Regional park in Reno, Nevada

Hidden Valley Regional Park is a county park in southeast Reno, Nevada. It covers 480 acre, including 65 acre of developed land. The rest of the park has open land and trails.

==History==
The federal government transferred the park land to Washoe County in three patents under the Recreation and Public Purposes Act. The first covered 260 acres in 1966, followed by 200 acres in 1968 and 40 acres in 1969. The 1966 patent kept the mineral rights with the United States. It also said the land could return to federal ownership if the county stopped using it for its approved public purpose. Those terms still govern work in the park. In 2022, the Bureau of Land Management approved plans for a one-million-gallon tank to supply reclaimed water for park irrigation. The park opened in 1969. The horse arena bears the name of Clarence K. Bath, a Reno horseman who helped form the Nevada White Hats in the 1940s. The dog park is named for Link Piazzo, a local businessman and philanthropist.
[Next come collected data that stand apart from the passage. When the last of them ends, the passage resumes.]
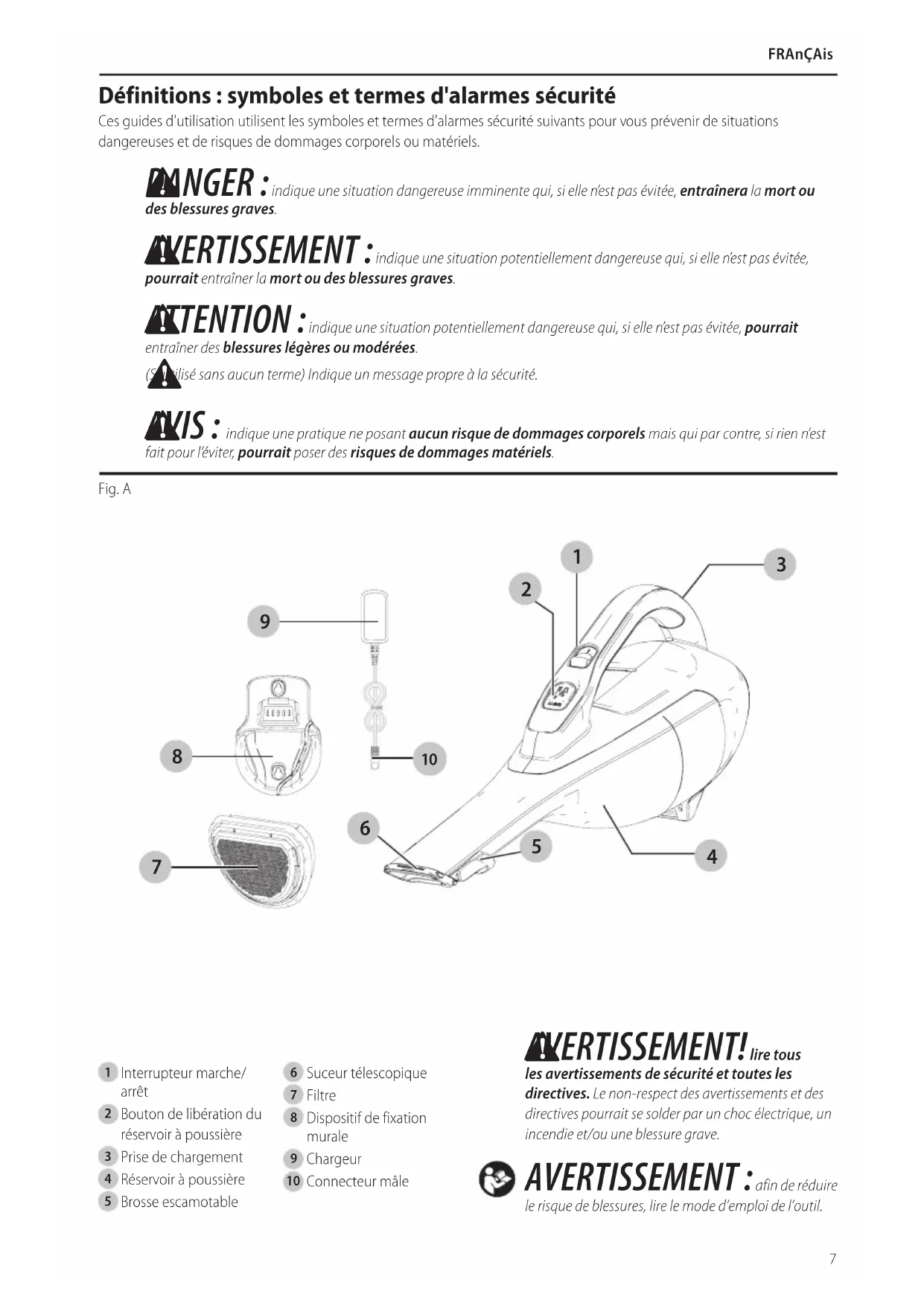 Interrupteur marche/arrêt Bouton de libération du réservoir à poussière Prise de chargement Réservoir à poussière Brosse escamotable Suceur télescopique Filtre Dispositif de fixation murale Chargeur Connecteur mâle Français (traduction de la notice d’instructions originale) Fig. A
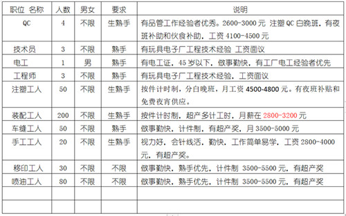 永州星月投资科技有限公司成立于2014年7月,属港资企业,主要生产儿童玩具,大部份产品出口欧美国家,工厂位于蓝山县科技路政府标准厂房区(东方大道政务中心隔壁),占地面积40000平方米,现有员工近800人,因生产需要招聘技术管理人员、普工一批,设有注塑、裁床、装配、车缝、手工车间,工艺车间,车间宽敞明亮,环境优美,通风条件好,
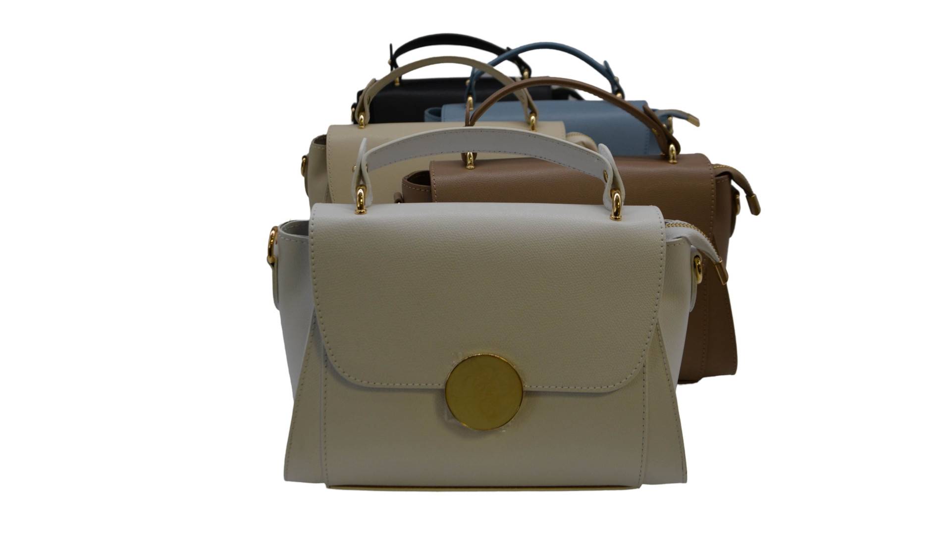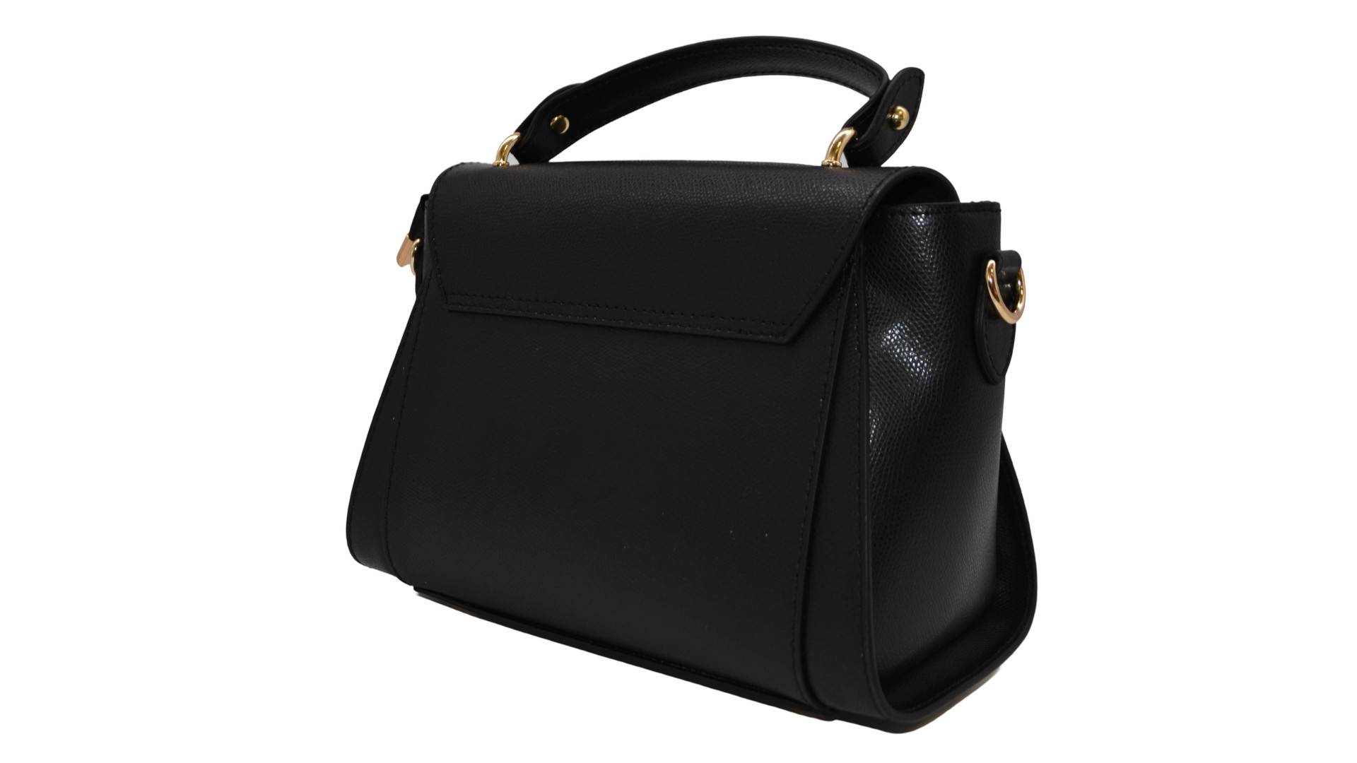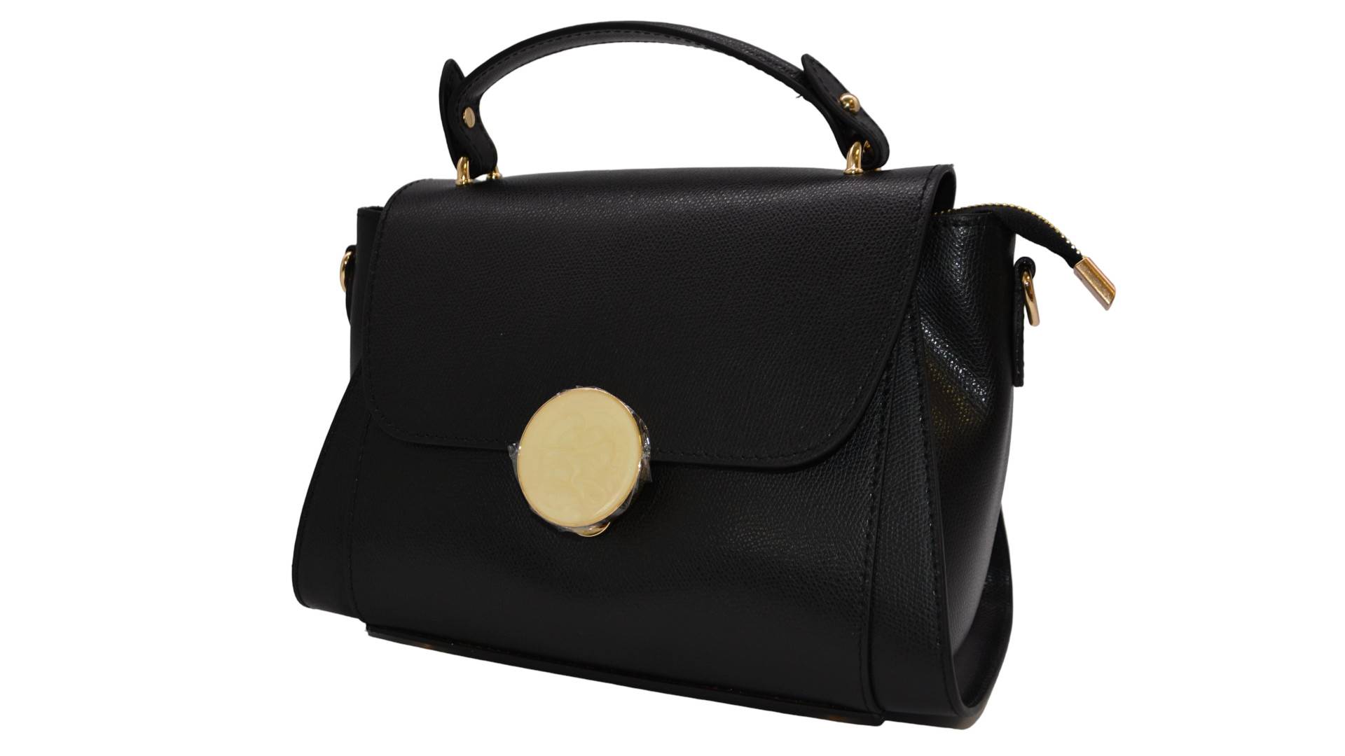 Umhängegurt (Leder) einhängbar, Überwurfpatte mit großem Permuttverschluss, innen mittig RB und innen seitl. RV-Tasche, ACC. Gold
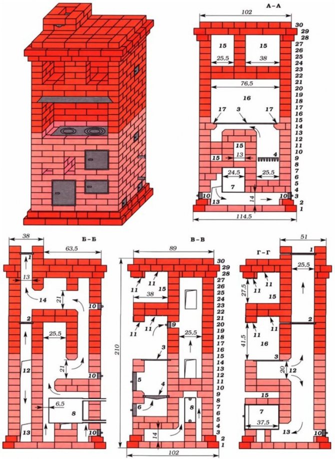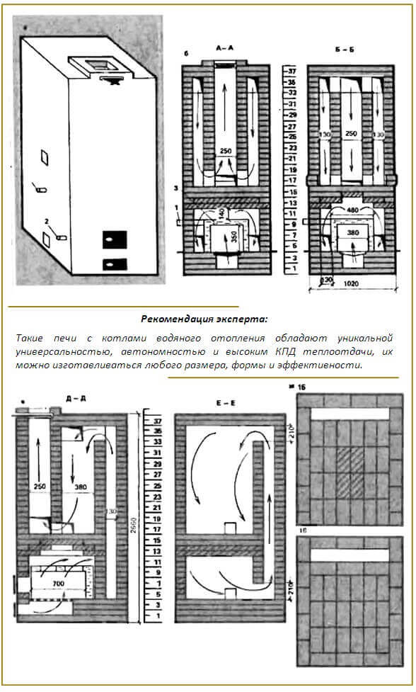 Такава пещ се поставя от огнеупорни тухли, като се използват същите огнеупорни хоросани.Врати: пещ, вентилатор, почистване, камера за готвене. Чугунена печка с котлон, кутия за топла вода, фурна, решетка за сушене, решетка. Печките на дърва с котел за отопление с гореща вода върху тухлена зидария имат подобен дизайн.
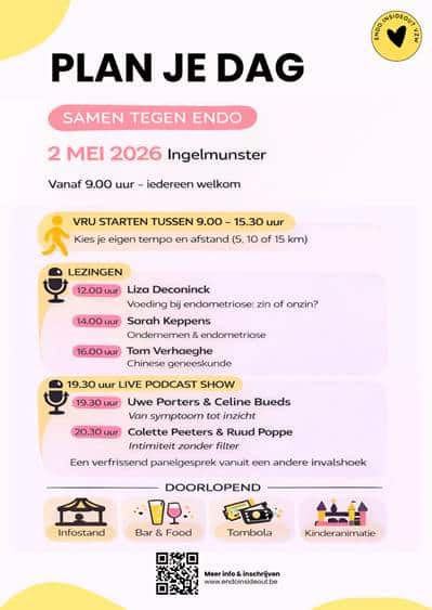 Initiatiefneemster Vaidi Plovie benadrukt het bredere doel van de dag: “Endometriose is geen randprobleem. Het is een chronische ziekte die duizenden levens beïnvloedt, elke dag opnieuw. Met ‘Samen tegen endo’ willen we mensen verbinden, taboes doorbreken en vooral tonen: niemand staat er alleen voor” besluit ze.

Flash flooding damaged approximately 100 residential structures in the area in late July 2024, and the park sustained significant damage. It remained fully closed until August 8. Another flash flood occurred in late June 2026, prompting the county to issue an emergency declaration. The flooding left roughly 100,000 tons of debris. The park temporarily closed.

==Natural setting==
The park is near the Storey County line, about six miles from downtown Reno. The 2022 master plan mapped ten plant communities. Big sagebrush shrubland covered 365.2 acres, making it the largest. Pinyon-juniper woodland covered 61.5 acres at higher elevations. Mixed salt desert scrub covered 17.9 acres, while mixed conifer woodland covered 0.6 acres in the southeast corner. The plan also identified soils and rock outcrops that may support altered andesite buckwheat and altered andesite popcorn flower, two rare plants tracked by the Nevada Division of Natural Heritage.

==Facilities==
The Clarence K. Bath Memorial Horse Arena has a main arena, a warmup arena, an announcer's stand, and a grandstand. The park also has tennis and pickleball courts, a volleyball court, two playgrounds, picnic areas, and more than five miles of trails. The fenced Link Piazzo Dog Park has separate areas for large and small dogs.

Gravel roads and soft-surface trails cross the park. The trails are used mainly by hikers and mountain bikers and are also open to horseback riders. Vaughan Middle School has hosted races at the park, and an astronomy club uses accessible parts of the park for telescope viewing. Trails connect the northern and southern parts, but no road joins the two areas.